» THE TASK:
Please copy the data below exactly, from its first line through the line holding "北京一项目现场张贴的共有产权房购买流程 图片来源:每经记者 王佳飞 摄", and skip the pictures.

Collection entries
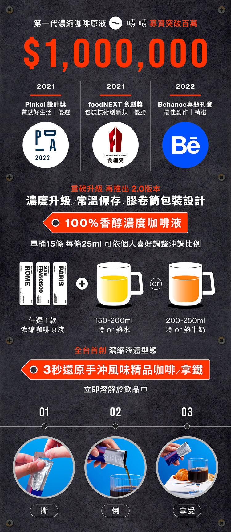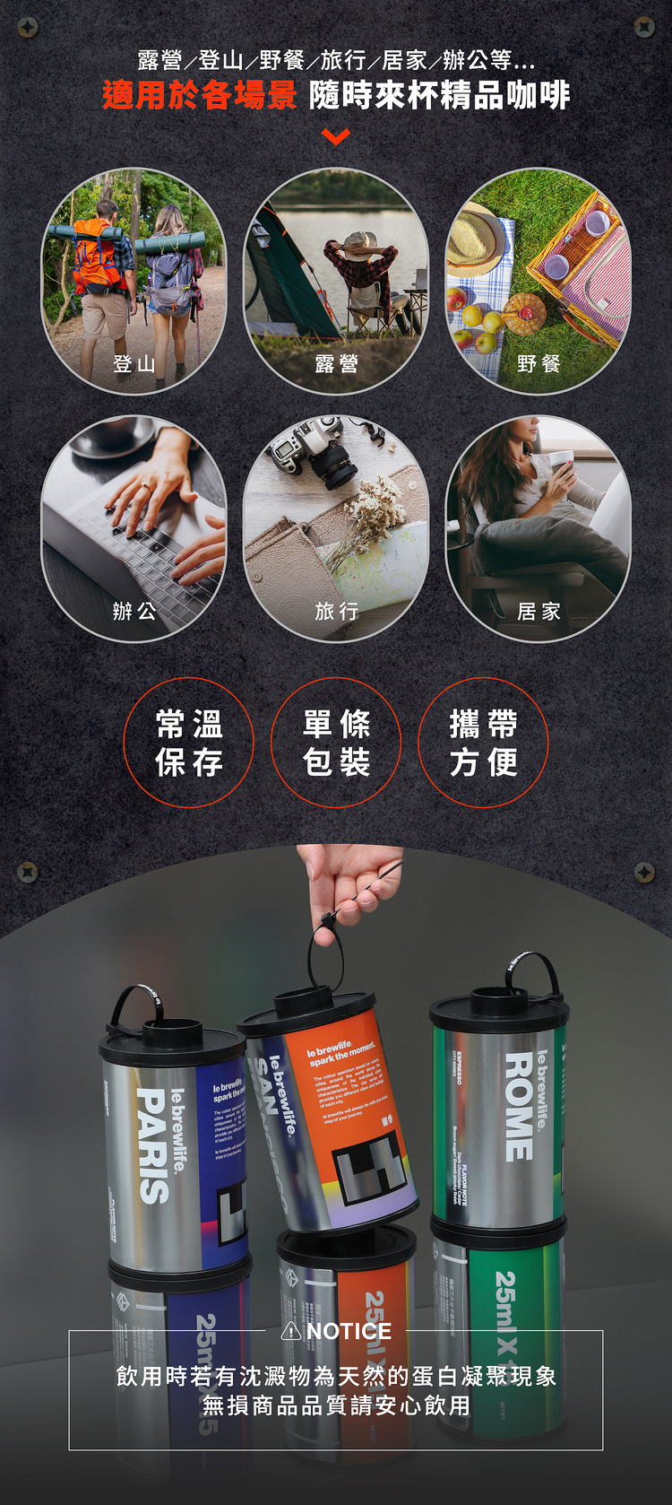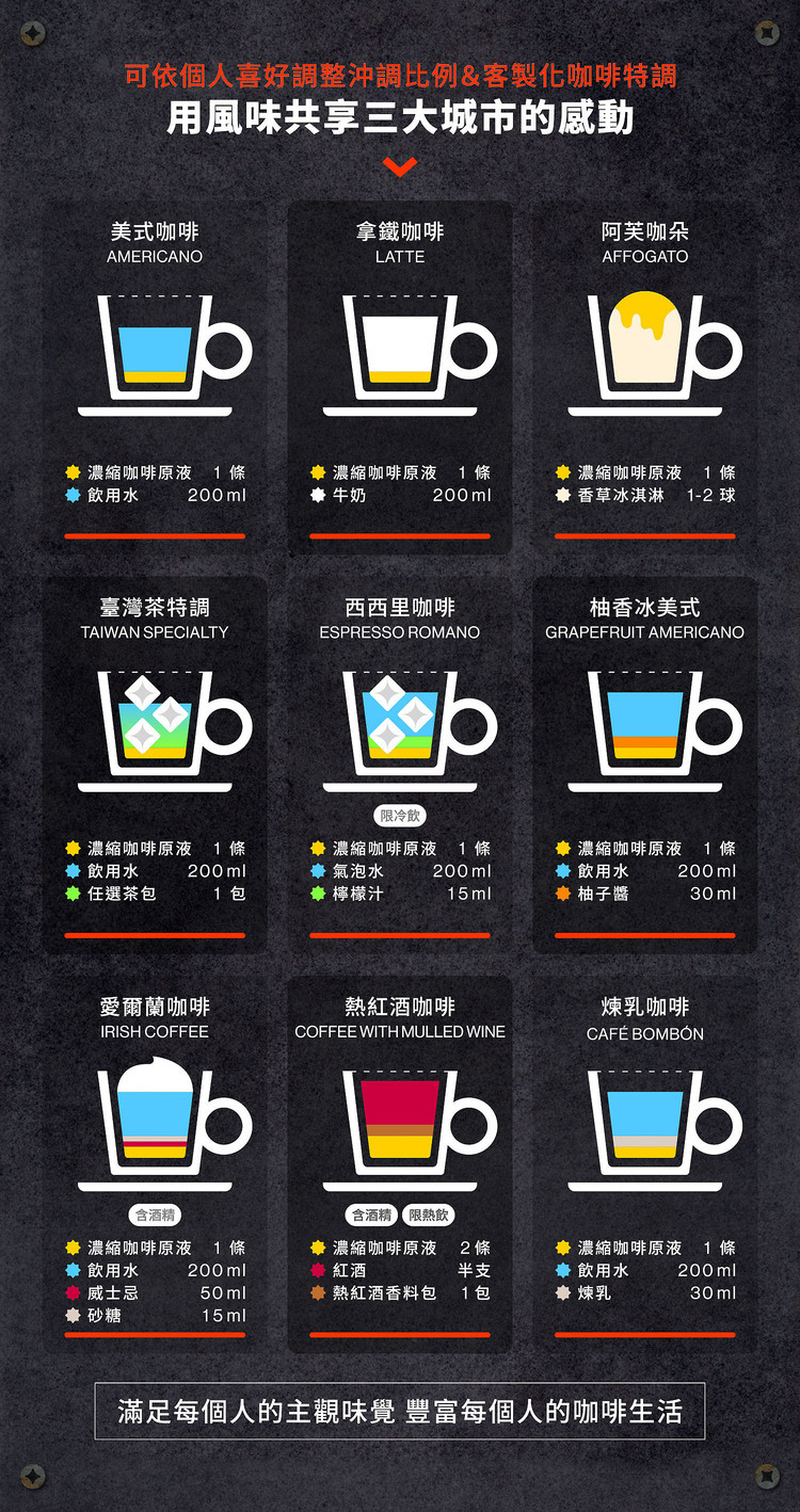 • 常溫攜帶再升級,香醇義式濃縮液,3秒還原精品級咖啡
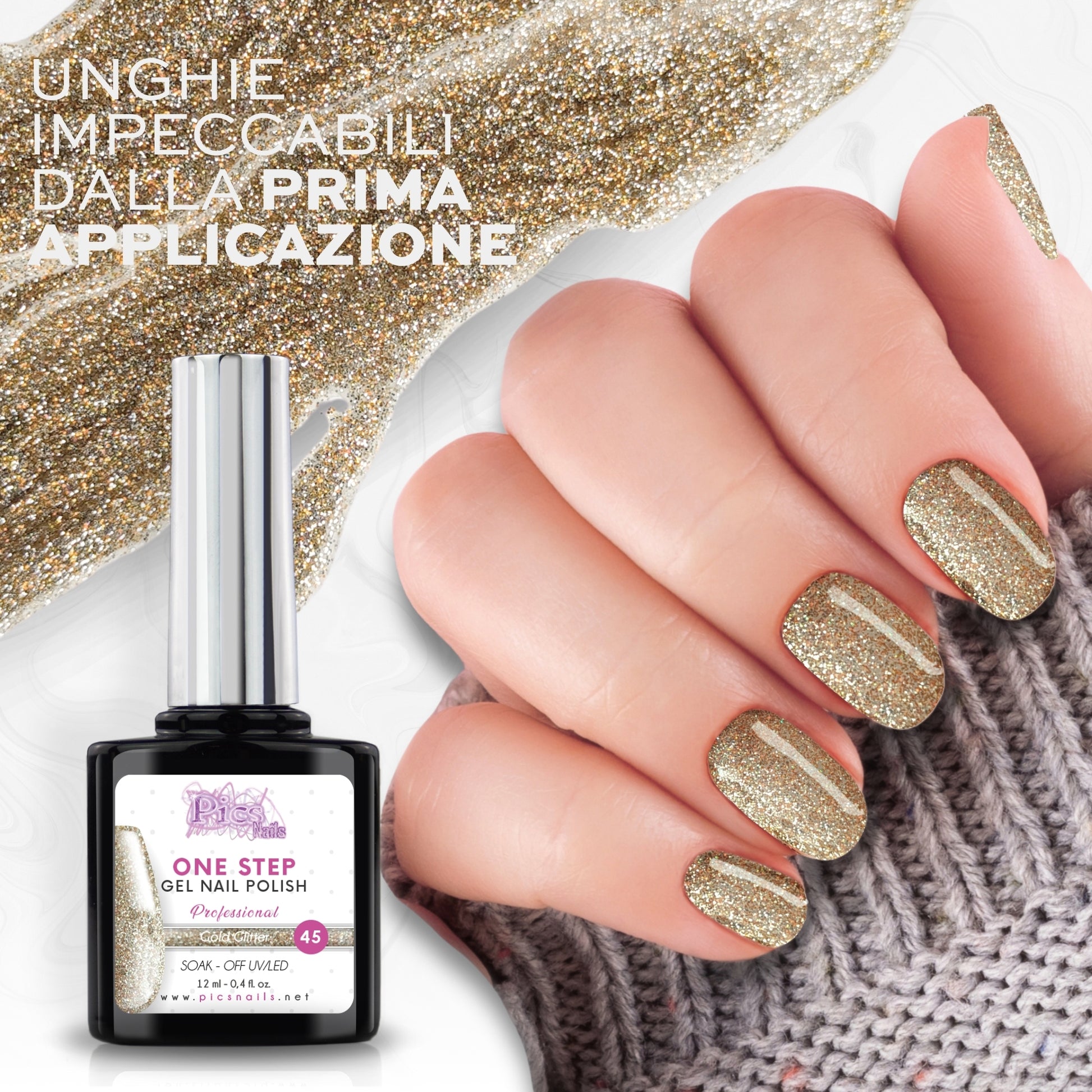 Smalto Semipermanente One Gold Glitter 45 - 12 ml | Semipermanente 3in1 UV/LED Ultra Lucido
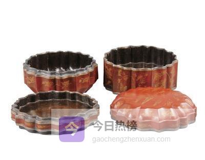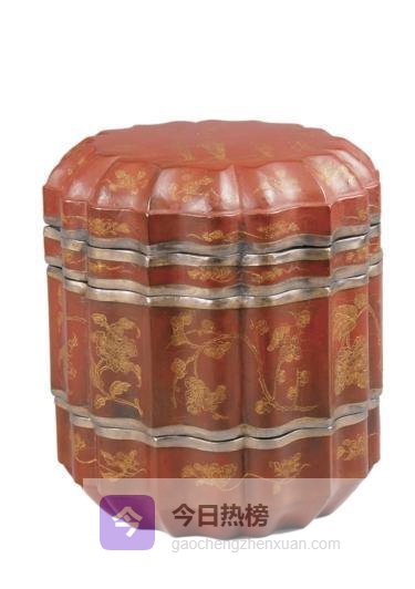 南宋朱漆戗金莲瓣式人物花卉纹奁。
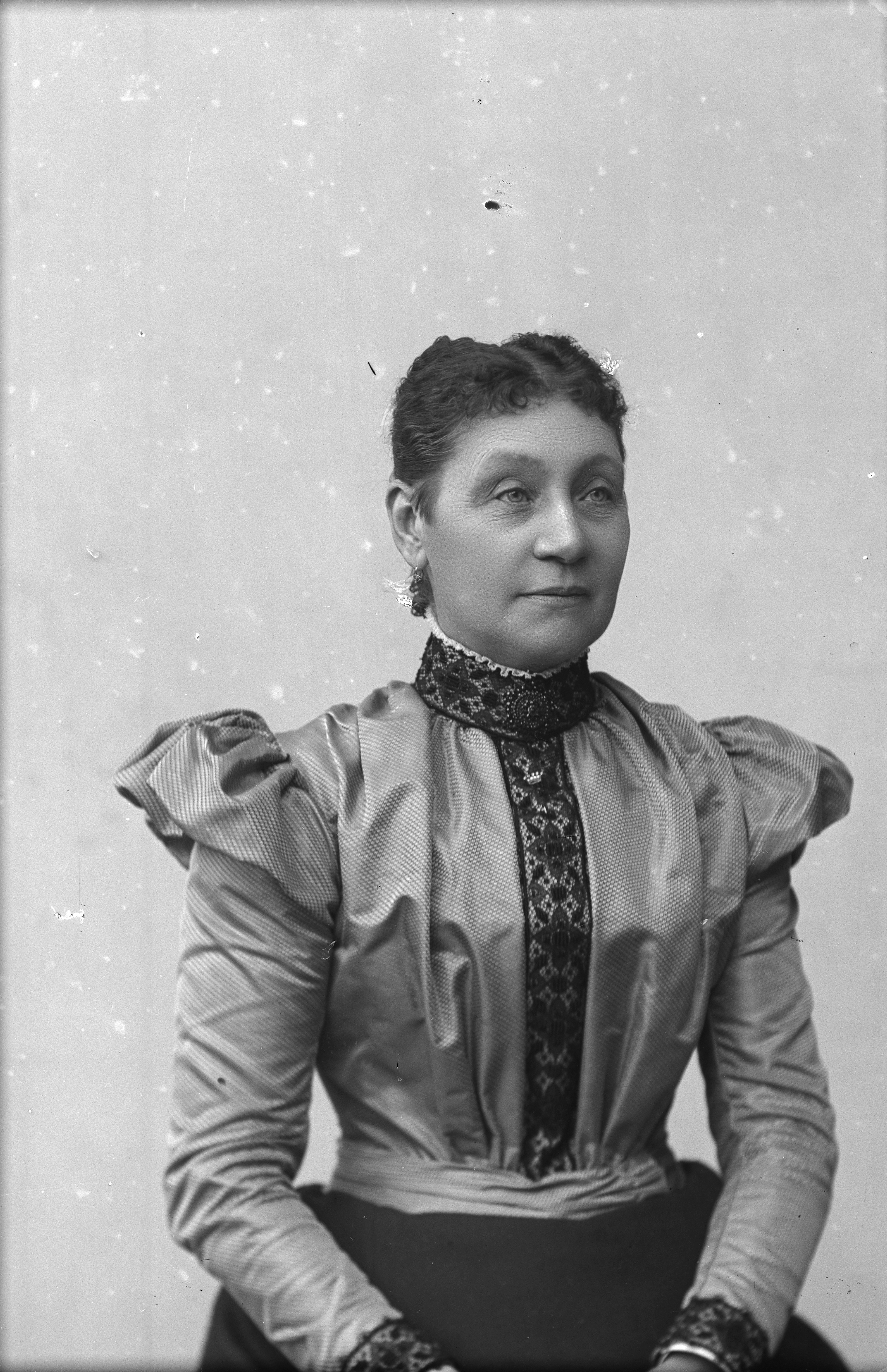 Beskrivning: Porträtt i halvfigur av Ida Jönsson eller Sophie Nordstrand.
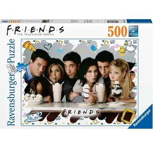 - Puzzle de 500 piezas con imagen de los protagonistas de la serie Friends, compartiendo un batido
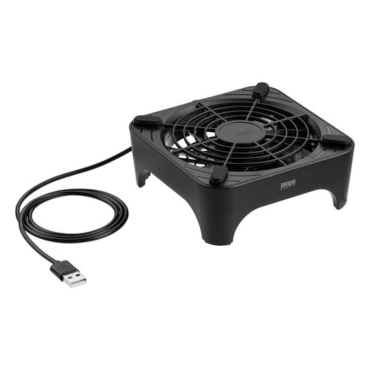 12cmファンと約13×13cmの天板サイズを採用したコンパクト設計により、省スペース環境でも設置が可能。デスク周りや棚の中など限られたスペースにもフィットします。
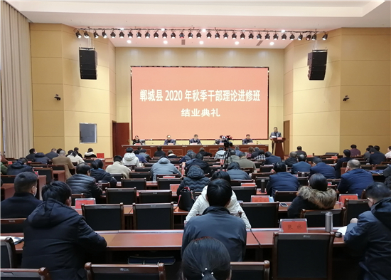 11月25日下午,鄲城縣2020年秋季干部理論進(jìn)修班舉行結(jié)業(yè)典禮,縣委副書記、黨校校長王獻(xiàn)超,縣委常委、組織部長蔣磊出席結(jié)業(yè)典禮。
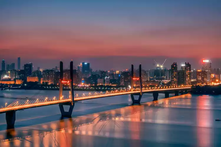 On a spring night, it's a pleasure to come here and feel the river breeze, experience the tranquility of Wuhan, and watch the night view of Hankou River Beach across the river.
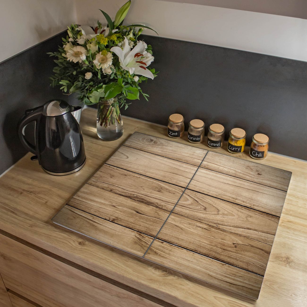 VIELSEITIG: Die Ceranfeldabdeckung ist vielseitig einsetzbar: ob als Spritzschutz hinter dem Herd für Ihre Küche oder als Glas Schneidebrett als hygienische und geruchsneutrale Unterlage. Sie können ebenfalls heiße Töpfe und Pfannen bis 100°C auf der Herdplattenabdeckung abstellen. Sie erhalten ein Multitalent für Ihre Küche. Die banjado Herdabdeckplatte aus Glas mit Motiv Holzplanken verdeckt mit einem schönen Motiv Ihr Ceranfeld bzw. Ihren Induktionsherd. Die Herdabdeckplatte ist vielseitig einsetzbar und passt sich dabei Ihrem Einrichtungsstil an. DESIGN: Die Herdabdeckung Holzplanken besteht aus hochwertigem, gehärtetem Glas mit einem unserer zahlreichen Motive. Sie haben die Wahl zwischen verschiedenen Maßen von einteiligen, zweiteiligen und einer dreiteiligen Herdabdeckung. Wählen Sie was zu Ihrer Einrichtung passt! DETAILS: Die Herdabdeckplatte ist vielseitig einsetzbar. Die Ecken sind für mehr Sicherheit dezent abgerundet, das Glas ist gehärtet. Sie erhalten separate Gummi Abstandshalter, damit Ihre Abdeckung rutschfest auf dem Herd steht. Diese können Sie frei positionieren, sodass die Herdabdeckung perfekt auf Ihrem Ceranfeld sitzt. BANJADO: Wir sind ein kleines Team aus dem Herzen von Sachsen und fertigen jeden Artikel nach Bestellung eigens für Sie an. Sie erhalten also keine preiswerte Importware, sondern Handarbeit. Auf Wunsch sind auch andere Farben und Größen möglich, kontakierten Sie uns gern.
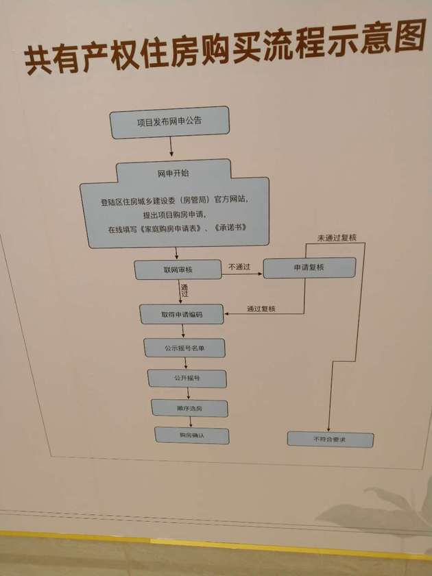 北京一项目现场张贴的共有产权房购买流程 图片来源:每经记者 王佳飞 摄
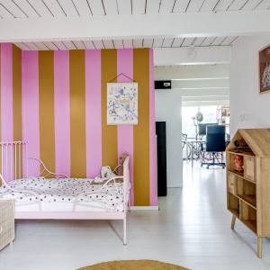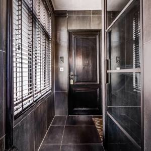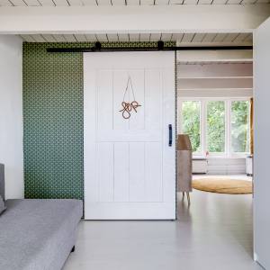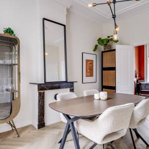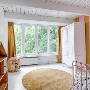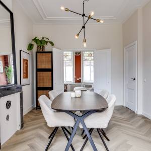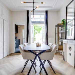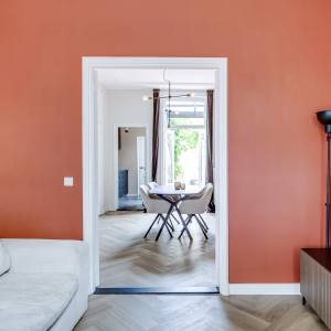 The home greets you with a classic front door featuring stained-glass details. Inside, the atmosphere immediately comes to life in the bright living room, adorned with beautiful ensuite doors, high ceilings with original ornaments, and a herringbone wooden floor. The blend of authentic and contemporary elements gives the house both character and comfort.
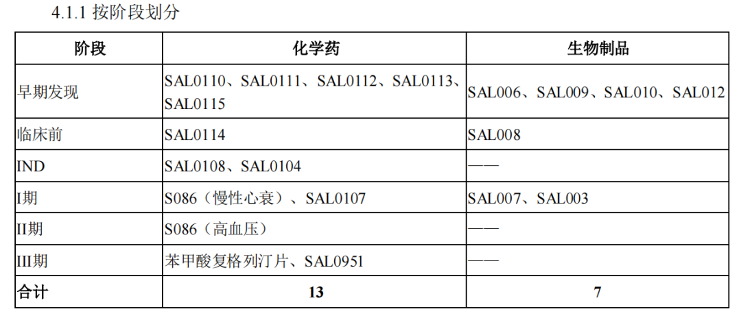 在降血糖领域,有处在III期临床的复格列汀、I期临床的重组胰高血糖素样肽-1-Fc融合蛋白注射液,以及创新小分子产品在研;抗肿瘤领域,有一系列创新生物药处于临床前研发阶段;抗重度抑郁产品SAL0114正处于临床前研发阶段,即将临床试验申报。
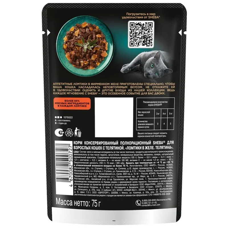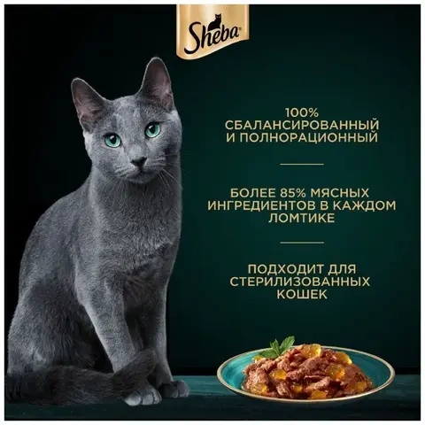 Полнорационный консервированный ломтики телятины в желе от SHEBA – это всегда свежее угощение для Вашего питомца, который точно не устоит перед таким соблазнительным блюдом!

» OUTPUT:
 • 常溫攜帶再升級,香醇義式濃縮液,3秒還原精品級咖啡
 Smalto Semipermanente One Gold Glitter 45 - 12 ml | Semipermanente 3in1 UV/LED Ultra Lucido
 南宋朱漆戗金莲瓣式人物花卉纹奁。
 Beskrivning: Porträtt i halvfigur av Ida Jönsson eller Sophie Nordstrand.
 - Puzzle de 500 piezas con imagen de los protagonistas de la serie Friends, compartiendo un batido
 12cmファンと約13×13cmの天板サイズを採用したコンパクト設計により、省スペース環境でも設置が可能。デスク周りや棚の中など限られたスペースにもフィットします。
 11月25日下午,鄲城縣2020年秋季干部理論進(jìn)修班舉行結(jié)業(yè)典禮,縣委副書記、黨校校長王獻(xiàn)超,縣委常委、組織部長蔣磊出席結(jié)業(yè)典禮。
 On a spring night, it's a pleasure to come here and feel the river breeze, experience the tranquility of Wuhan, and watch the night view of Hankou River Beach across the river.
 VIELSEITIG: Die Ceranfeldabdeckung ist vielseitig einsetzbar: ob als Spritzschutz hinter dem Herd für Ihre Küche oder als Glas Schneidebrett als hygienische und geruchsneutrale Unterlage. Sie können ebenfalls heiße Töpfe und Pfannen bis 100°C auf der Herdplattenabdeckung abstellen. Sie erhalten ein Multitalent für Ihre Küche. Die banjado Herdabdeckplatte aus Glas mit Motiv Holzplanken verdeckt mit einem schönen Motiv Ihr Ceranfeld bzw. Ihren Induktionsherd. Die Herdabdeckplatte ist vielseitig einsetzbar und passt sich dabei Ihrem Einrichtungsstil an. DESIGN: Die Herdabdeckung Holzplanken besteht aus hochwertigem, gehärtetem Glas mit einem unserer zahlreichen Motive. Sie haben die Wahl zwischen verschiedenen Maßen von einteiligen, zweiteiligen und einer dreiteiligen Herdabdeckung. Wählen Sie was zu Ihrer Einrichtung passt! DETAILS: Die Herdabdeckplatte ist vielseitig einsetzbar. Die Ecken sind für mehr Sicherheit dezent abgerundet, das Glas ist gehärtet. Sie erhalten separate Gummi Abstandshalter, damit Ihre Abdeckung rutschfest auf dem Herd steht. Diese können Sie frei positionieren, sodass die Herdabdeckung perfekt auf Ihrem Ceranfeld sitzt. BANJADO: Wir sind ein kleines Team aus dem Herzen von Sachsen und fertigen jeden Artikel nach Bestellung eigens für Sie an. Sie erhalten also keine preiswerte Importware, sondern Handarbeit. Auf Wunsch sind auch andere Farben und Größen möglich, kontakierten Sie uns gern.
 北京一项目现场张贴的共有产权房购买流程 图片来源:每经记者 王佳飞 摄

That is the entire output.